Сергей
– Предвкушаешь? – осведомился Михаил.
– Что предвкушаю?
– Свой первый крафтовый фест.
– О да. Вчера договорился с пивоварней «Олленаут». Это эстонцы, они примут участие.
– Вот как? – Михаил отрезал квадратный кусочек мяса и насадил его на вилку. – Эстонцы варят толковое пиво?
– За всех не ручаюсь, но эти точно профи.
– Сам понимаешь, я в крафте не секу.
Старший брат пригласил Сергея в тратторию и заказал для обоих пасту со шпинатом, мраморную говядину с лимонным топпингом и бутылку шираза. Периодически Михаил устраивал такие ужины в приватных ресторанных комнатах, включавшие в себя бесцветные разговоры под гурманские блюда. Сергей годами ломал голову, чего Михаил добивается этими трапезами. Скрепления родственных уз? Напоминания о своей заботе? О своем существовании? Или брат мастерски разыгрывает из себя человека, который, несмотря на дичайшую нехватку времени, волен без оглядки на часы смаковать еду и вести расслабленные беседы? Михаил всячески подчеркивал, что у него гигантский запас прочности и ему далеко до чувства изношенности, которое заполняет мужчину после сорока, вне зависимости от того, кто он – мэр, альпинист или сантехник. Сергей подозревал, что его зовут на ужины как свидетеля, способного подтвердить: да, его брат по-прежнему подобен гранитной скале.

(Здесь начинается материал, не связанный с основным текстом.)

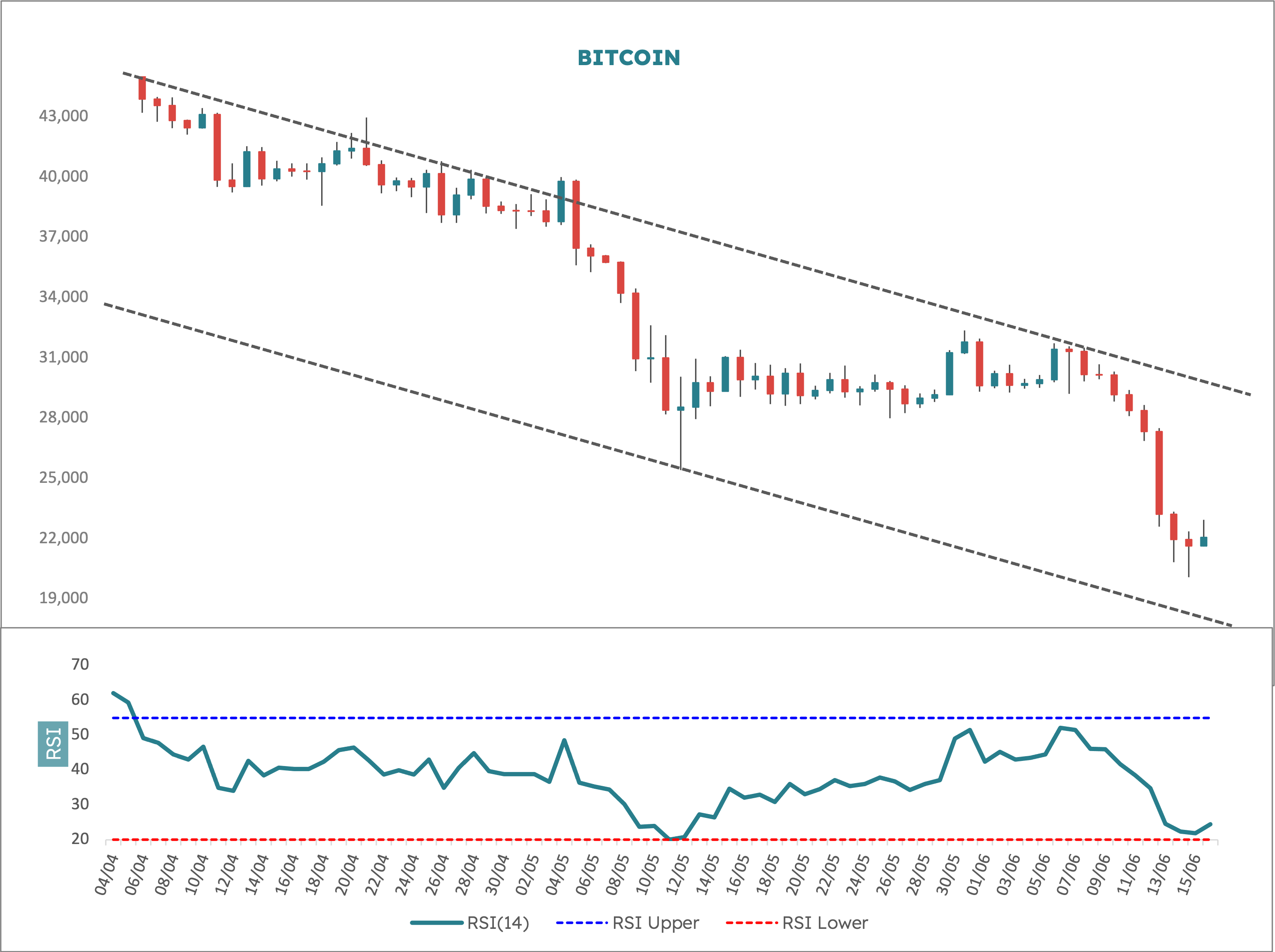 You can see from the simple chart that the March channel is still down and we are not at the bottom yet (that’s just below US$20,000 as well). RSI may well be oversold, and may well have jumped a little, but in the circumstances it signifies little.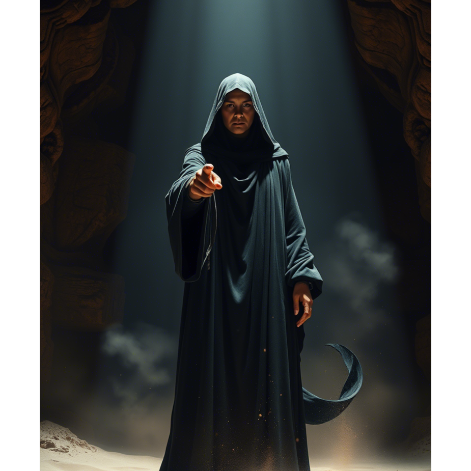 Dark epic cinematic track with a hypnotic and ritualistic atmosphere, Inspired by the Bene Gesserit from Dune, this track should feel intimate, mystical, and unnerving, Use low drones, reversed strings, glassy chimes, deep distorted synth pulses, metallic gongs, and ritual ethnic percussion, Add ambient wind and desert sand textures throughout, Vocal layers should include female whispers, chant-like harmonies, and sudden sharp Voice commands (distorted, center-panned, echoing), Dual vocals — whisper and clean singing — should feel trance-like, Include background phrases in Russian and a constructed language resembling Chakobsa, Structure the track with broken rhythm, unexpected pauses, cinematic silences, and swelling tension, Build the track like a secret ritual deep inside Wallach IX, where the Voice is used as a weapon of control, No heroic melodies — keep it raw, minimal, breathy, dark, Use reverb, echo, reverse FX, silence, and breathing layers to create tension and unease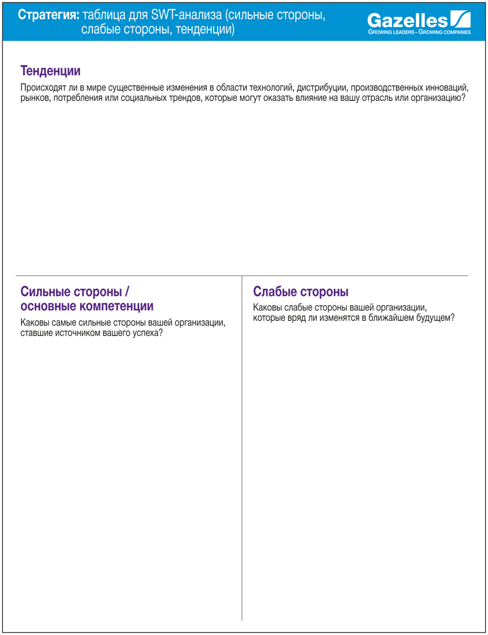 Процедура SWOT-анализа позволяет лидерам глубже рассмотреть трудности и задачи, с которыми сталкиваются их компании и отрасли в целом. SWT-анализ фокусируется на более общих внешних тенденциях, выходящих за пределы отрасли или географического расположения компании. Этот мощный инструмент позволит вовремя замечать новые возможности и предотвратит «близорукость» в управлении.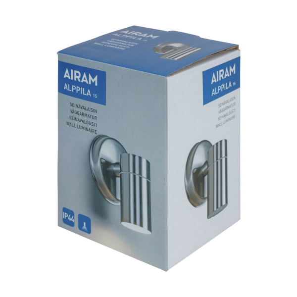 Airam Alppila 1S er en væglampe til glødelamper med GU10-fod (ikke inkluderet), der lyser lige nedad. Den er designet til belysning af terrasser eller facader, men takket være dens klassiske og stilfulde design kan den også bruges indendørs. Alppila lampen er velegnet til at fremhæve detaljerne i facaden og interiøret eller til at belyse korridorer eller passager.

– Жду не дождусь фестиваля, – сказал Михаил. – Два месяца до него, а я уже подготовил приветственное слово.
– Приветственное слово?
– Обычно мне спичрайтер пишет, тут же случай особый. Я старался. Честно.
Михаил изобразил настолько трогательную и натуральную улыбку, что даже Сергей едва не купился.

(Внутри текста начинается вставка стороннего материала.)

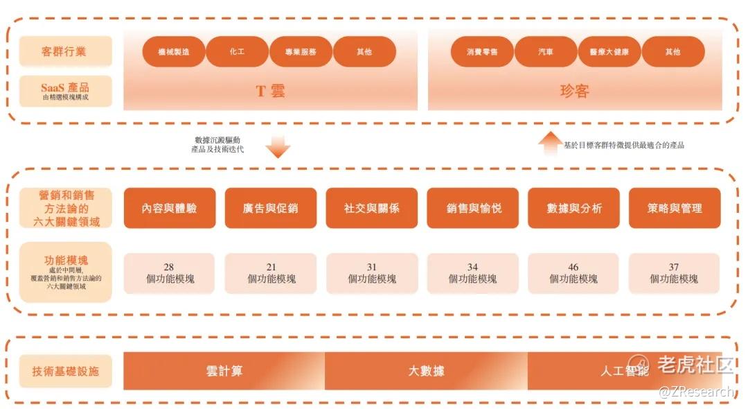 迈富时的核心竞争力体现在其创新的Marketingforce平台,该平台整合了云计算、大数据分析以及人工智能等关键技术。Marketingforce平台提供多达202个功能模块,这些模块不仅体现了公司在营销领域的深厚经验,而且覆盖了从内容创作、分发、到数据分析和整体战略规划的营销与销售全周期。目前,公司已开发出T云及珍客等SaaS等产品。SaaS业务包括T云和珍客等产品,T云是一个营销平台,提供营销内容生成和发布服务;珍客则是一个资源管理平台,帮助客户管理销售团队并促进客户转化。精准营销服务则为客户提供包括流媒体广告投放和广告内容制造在内的综合广告服务。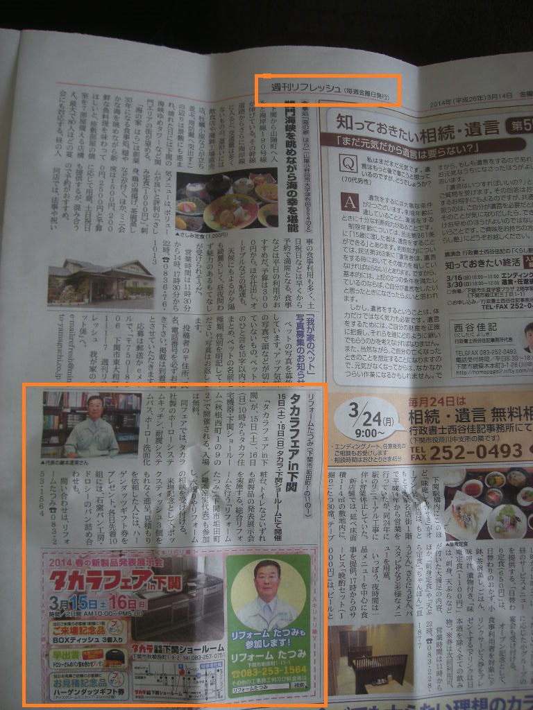 ◎3/14(金)「週刊リフレッシュ」にも、記事が掲載されますので見て下さい。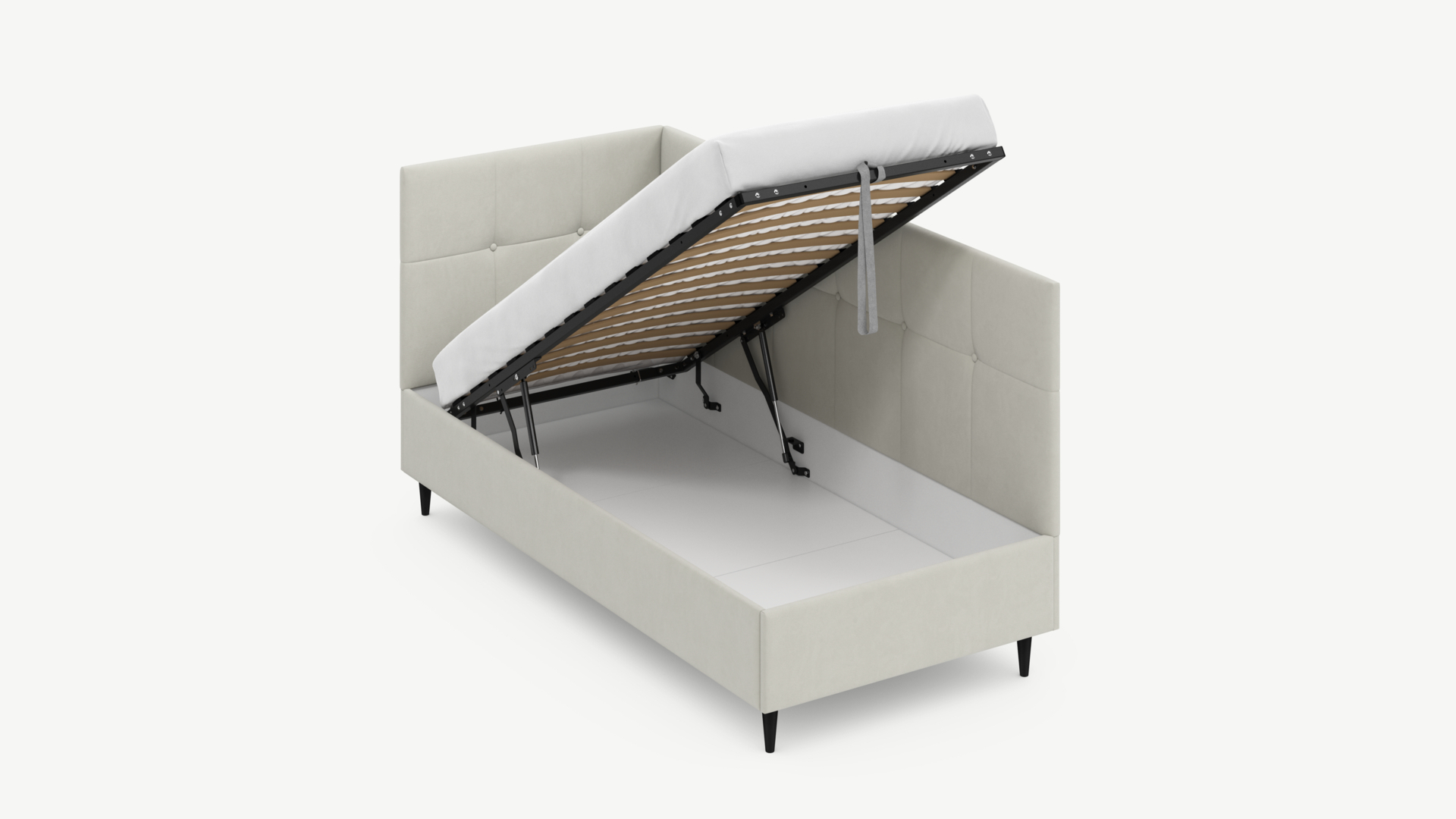 Угловая односпальная кровать MOON FAMILY 1261 с мягкой спинкой и изголовьем создаст в Вашей спальне ощущение уюта. Крупная квадратная стежка привносит в интерьер графических акцентов, а вставка из пуговиц наполняет пространство ощущением домашнего тепла.

Ясно. Его милый брат выступит на открытии феста. В крафте он не сечет, зато шанса блеснуть перед публикой не упустит. Сергей даже не возразил. А смысл? Покровителям не возражают.

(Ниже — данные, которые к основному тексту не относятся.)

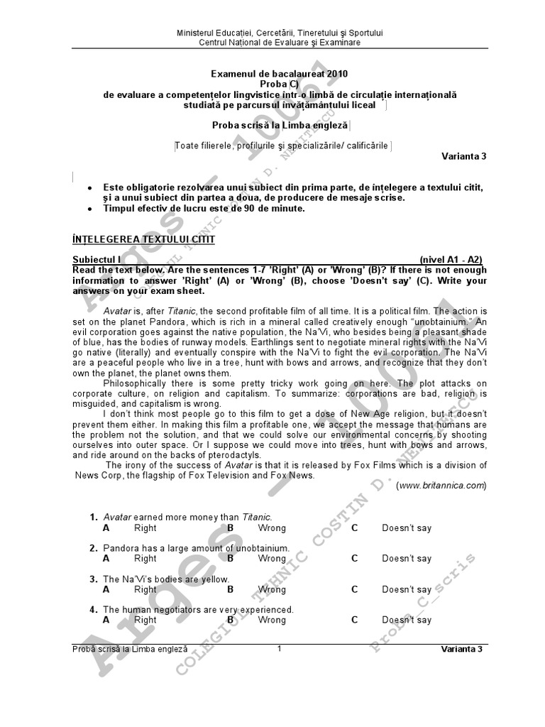 Variantele modelele de subiecte precum și baremele de evaluare şi de notare elaborate în coordonarea centrului național de evaluare și examinare pentru toate evaluările examenele şi concursurile naționale nu pot fi preluate în.
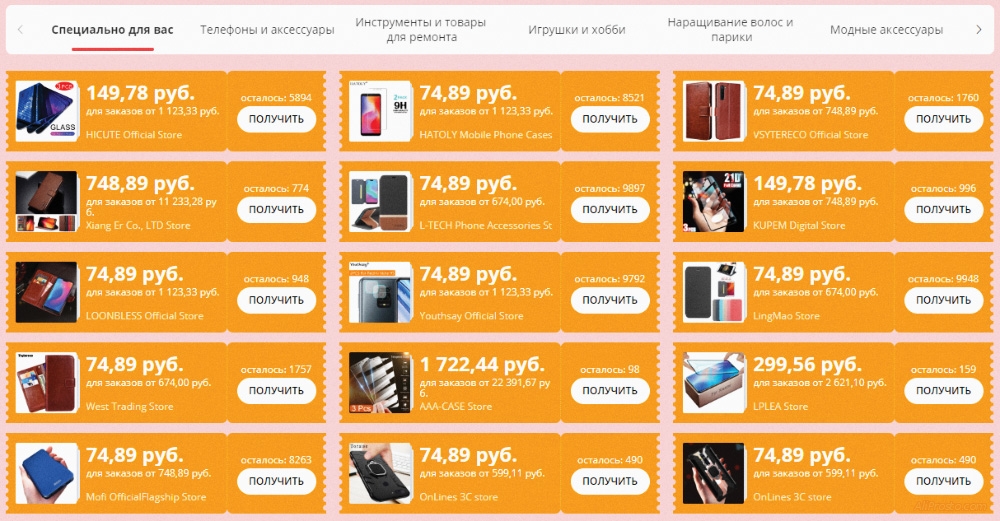АлиЭкспресс заявляет что данная страница - это территория безумных скидок, где собраны скидки до 70% на товары различных категорий.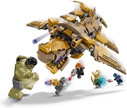 Dieses LEGO Marvel Avengers Set enthält vier Minifiguren – Captain America mit Schild, Schwarze Witwe mit Blaster, Loki mit Umhang und Helm sowie einen Chitauri-Krieger mit Laserwaffe – sowie eine große Hulk-Figur. Das Haupt-Highlight ist der baubare Leviathan mit sechs beweglichen Flossen, aufklappbarem Maul und einem Kopf, der sich leicht drehen lässt. Er ist mit transparenten Ständern für realistische Spielszenen ausgestattet.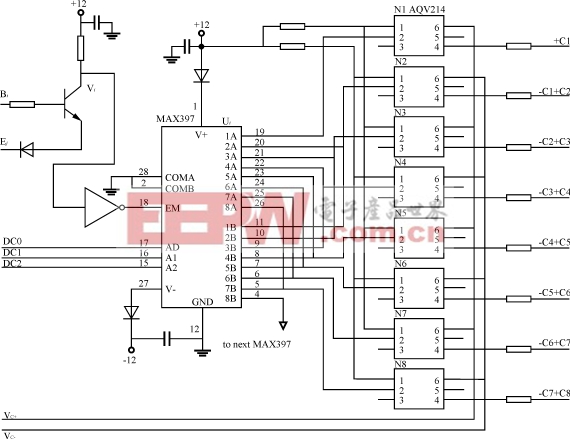 电池采样单元BSU的设计思路是,通过MAX397双路分时依次驱动PhotoMOS继电器AQV214,把每节电池电压选送到采样总线VC+与VC-上。

– Вино кисловатое, не находишь? – поинтересовался Михаил тоном эксперта.
– Возможно.
Сколько Сергей помнил, Михаил никогда не повышал голос, не использовал уклончивых формулировок и не посвящал родных в свои проблемы. О том, как брат прокладывал себе путь к креслу мэра, Сергей знал не больше дотошных журналистов, которые восполняли нехватку пикантных фактов сплетнями и анекдотами, где-то удачными, где-то откровенно бездарными. Сеть домыслов и гипотез оплетала Михаила. Будучи предметным и конкретным в речах и поступках, он ускользал от предметности и конкретики, когда дело касалось суждений о нем самом. Умный? Пожалуй. Серьезный? Серьезнее некуда. Непреклонный. Дисциплинированный. Предусмотрительный и до разумных пределов азартный. Добровольно отказавшись от протекции отца, народного депутата от компартии, брат укатил в Москву с багажной сумкой, похожей на докторский саквояж, и без чужой помощи поступил на юрфак. Недурно для провинциала, полагавшегося лишь на себя. Тот образ Михаила – решительного, бесстрастного, лаконичного, угрохотавшего в плацкартном вагоне навстречу свершениям – навсегда засел в памяти Сергея.
Что удивительно, брат не только без заметных усилий увиливал от компромиссов, но и избегал размолвок и раздоров с семьей. Он не злил отца, не разочаровывал мать, не обделял Сергея, не срывался, насколько известно, на жене и детях. Просто идеальный родственник, который полезен, внимателен и не докучлив.
Неужели весь этот вечер, приглушенный свет, мраморная говядина и вино в хрустале – это прелюдия к тому, чтобы между делом сообщить Сергею о приветственном слове? Если так, то это гиперрасчетливо.
Впрочем, по-иному Михаил не умел.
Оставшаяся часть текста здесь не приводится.